This training (statistics) out of a parametric model of classification .

Before it can be combined classifier

P(A|F1,F2) = P(A) [P(F1|A)P(F2|A)] / P(F1,F2) = P(A) [P(F1|A)P(F2|A)] / [P(F1) P(F2)]

Come to the right "to be classified data" do deal with.

4. How classification

If there is someone chieftains x: no tattoos, no trouble. Calculation performed twice for two classifications (Ma leader, infantry leaders), two values ​​obtained.

(No tattoos, no trouble) the possibility Ma chieftains

P(马军头领|不纹身,不闹事) = P(马军头领)  [P(无纹身|马军头领) P(不闹事|马军头领) ] / [P(无纹身)P(不闹事)]

P(A=A1|x) = p(A=A1) P(F1=f12|A=A1)p(F2=f22|A=A1) / [P(f12)P(f22)] = 0.5 * 0.4 * 0.45 / [0.55 * 0.65] = 0.18 / [0.55 * 0.65] = 0.25

(No tattoos, no trouble) is the possibility of infantry chieftains

P(步兵头领|不纹身,不闹事) = P(步兵头领)  [P(无纹身|步兵头领) P(不闹事|步兵头领) ] / [P(无纹身)P(不闹事)]

P(A=A2|x) = p(A=A2) P(F1=f12|A=A2)p(F2=f22|A=A2) / [P(f12)P(f22)] = 0.5 * 0.15 * 0.2 / [0.55 * 0.65] = 0.03 / [0.55 * 0.65] = 0.04

So x is more likely to Ma's.

The greatest advantage of Bayes' theorem is the probability of a known frequency to calculate the unknown, we simply frequency as a probability .

0X03 reference source snowNLP

We can further understanding of the Naive Bayes model by snowNLP source.

In bayes object, and there are two attributes total d, d is a data dictionary, the total number of words stored in all categories of the total, after the training dataset train method, d is the data stored in the key of each classification classified tag label, value is a AddOneProb object.
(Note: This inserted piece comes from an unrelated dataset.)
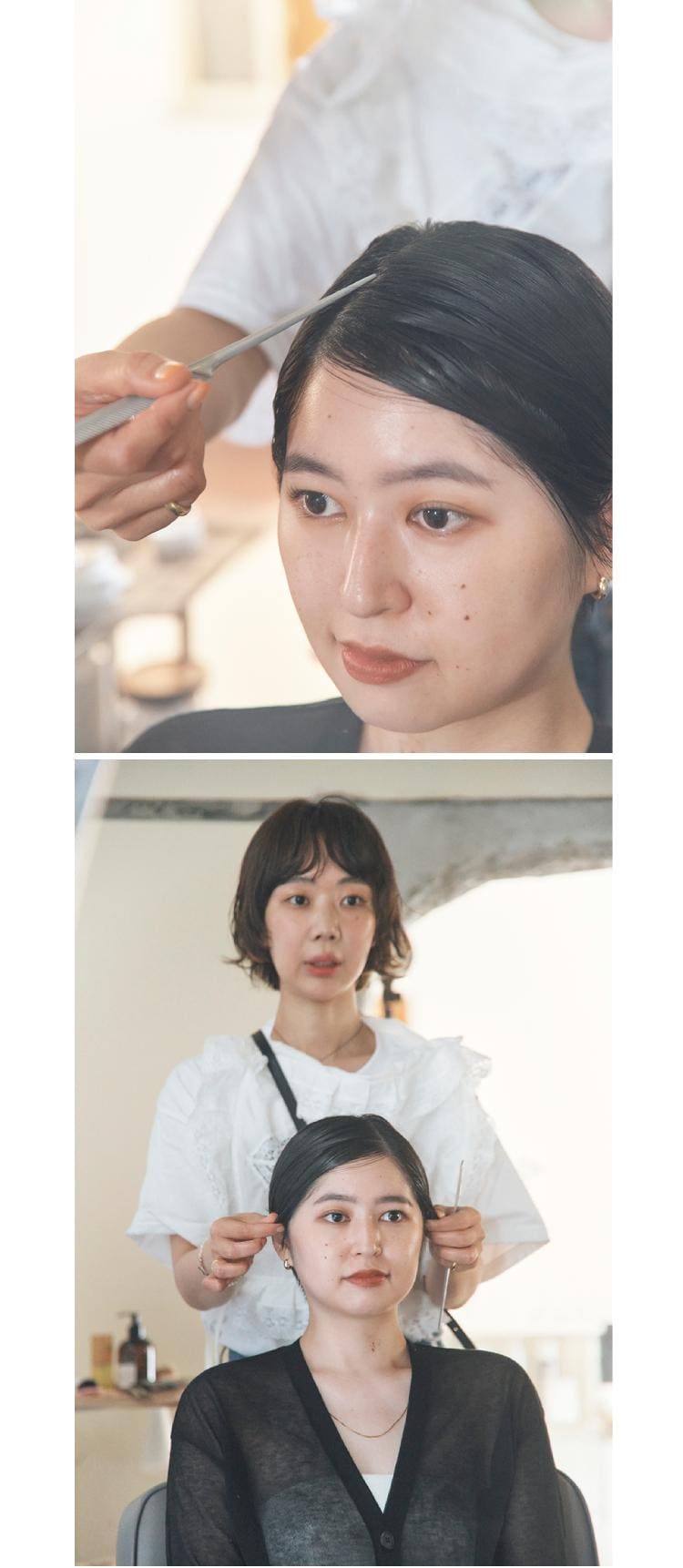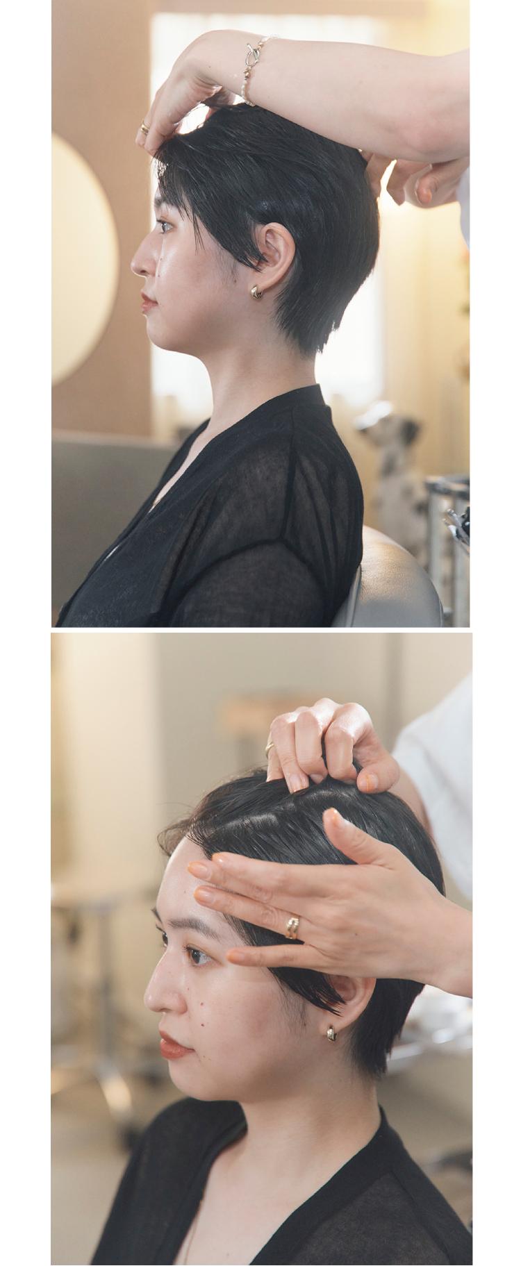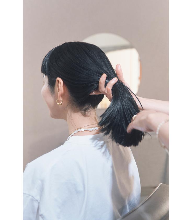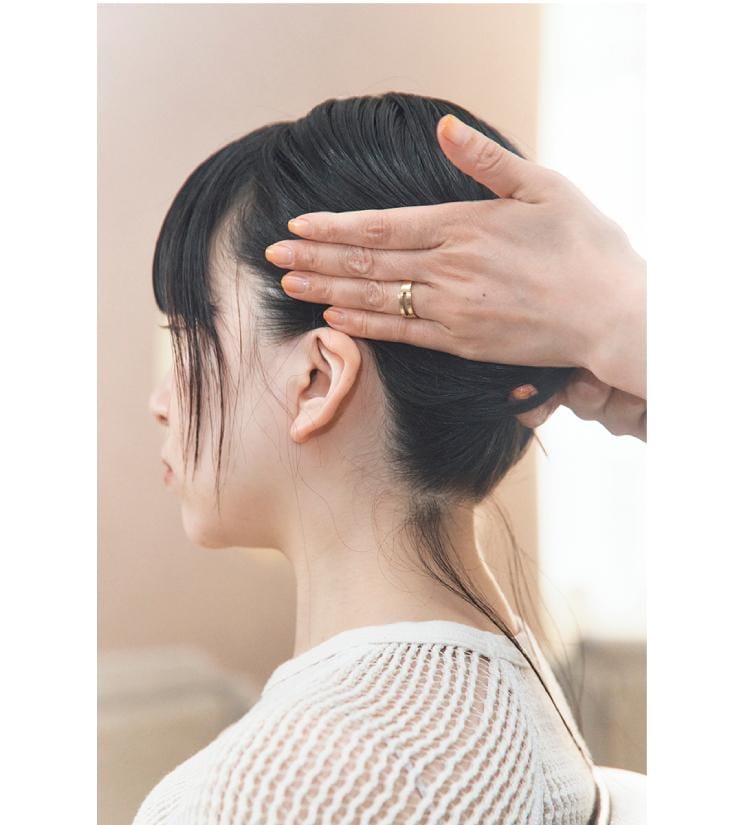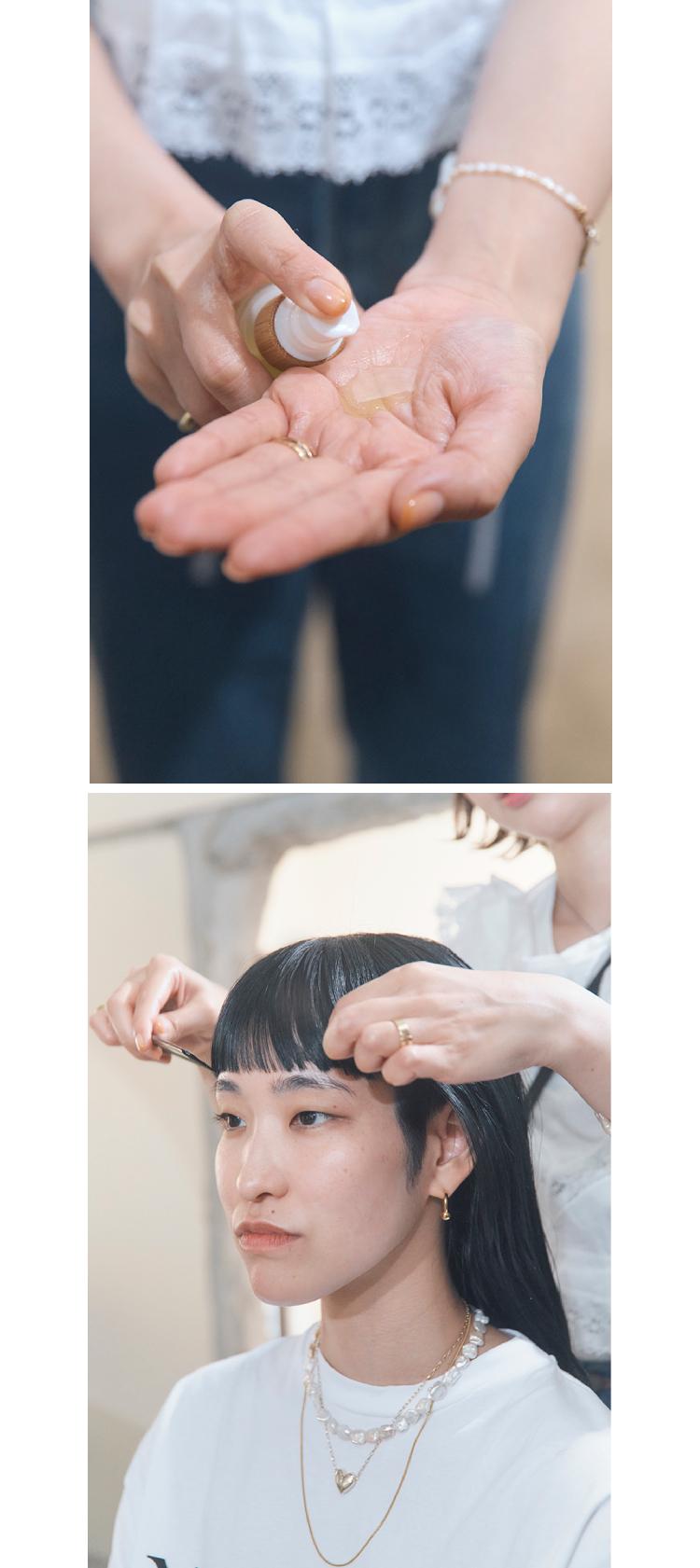 オイルを2〜3プッシュ手にとり、もみあげやうなじなど髪と肌が隣接している部分から塗布。手に残ったオイルは髪の表面に馴染ませます。前髪はオイルを内側につけすぎると、束感が出てしまうので表面に多めに塗布するのがポイントです。

The code here is simply the frequency as a probability. Training is to count the number of each classification label (key) corresponds.

1. Source

#训练数据集
def train(self, data):
    #遍历数据集,data 中既包含正样本,也包含负样本
    for d in data: # data中是list
        # d[0]:分词的结果,list
        # d[1]:标签-->分类类别,正/负样本的标记
        c = d[1]
        #判断数据字典中是否有当前的标签
        if c not in self.d:
            #如果没有该标签,加入标签,值是一个AddOneProb对象
            self.d[c] = AddOneProb()  # 类的初始化
        #d[0]是评论的分词list,遍历分词list
        for word in d[0]:
            #调用AddOneProb中的add方法,添加单词
            self.d[c].add(word, 1)
    #计算总词数,是正类和负类之和
    self.total = sum(map(lambda x: self.d[x].getsum(), self.d.keys())) # # 取得所有的d中的sum之和
                
class AddOneProb(BaseProb):
def __init__(self):
    self.d = {}
    self.total = 0.0
    self.none = 1
 
#添加单词
def add(self, key, value):
    #更新该类别下的单词总数
    self.total += value
    #如果单词未出现过,需新建key
    if not self.exists(key):
        #将单词加入对应标签的数据字典中,value设为1
        self.d[key] = 1
        #更新总词数
        self.total += 1
    #如果单词出现过,对该单词的value值加1
    self.d[key] += value

Specific classification is calculated probabilities for each classification and labeling

#贝叶斯分类
def classify(self, x):
    tmp = {}
    #遍历每个分类标签
    for k in self.d: # 正类和负类
        #获取每个分类标签下的总词数和所有标签总词数,求对数差相当于log(某标签下的总词数/所有标签总词数)
        tmp[k] = log(self.d[k].getsum()) - log(self.total) # 正类/负类的和的log函数-所有之和的log函数
        for word in x:
            #获取每个单词出现的频率,log[(某标签下的总词数/所有标签总词数)*单词出现频率]
            tmp[k] += log(self.d[k].freq(word))
    #计算概率
    ret, prob = 0, 0
    for k in self.d:
        now = 0
        try:
            for otherk in self.d:
                now += exp(tmp[otherk]-tmp[k])
            now = 1/now
        except OverflowError:
            now = 0
        if now > prob:
            ret, prob = k, now
    return (ret, prob)

2. Source derivation formula

For two classes c1, c1 is the classification, wherein w1, ⋯, Wn of between, wherein the independent basic process of the Bayesian model belonging to the class c1 is:

P(c1∣w1,⋯,wn)=P(w1,⋯,wn∣c1)⋅P(c1) / P(w1,⋯,wn)
    
如果做句子分类,可以认为是出现了w1, w2, ..., wn这些词之后,该句子被归纳到c1类的概率。

among them:

P(w1,⋯,wn)=P(w1,⋯,wn∣c1)⋅P(c1) + P(w1,⋯,wn∣c2)⋅P(c2)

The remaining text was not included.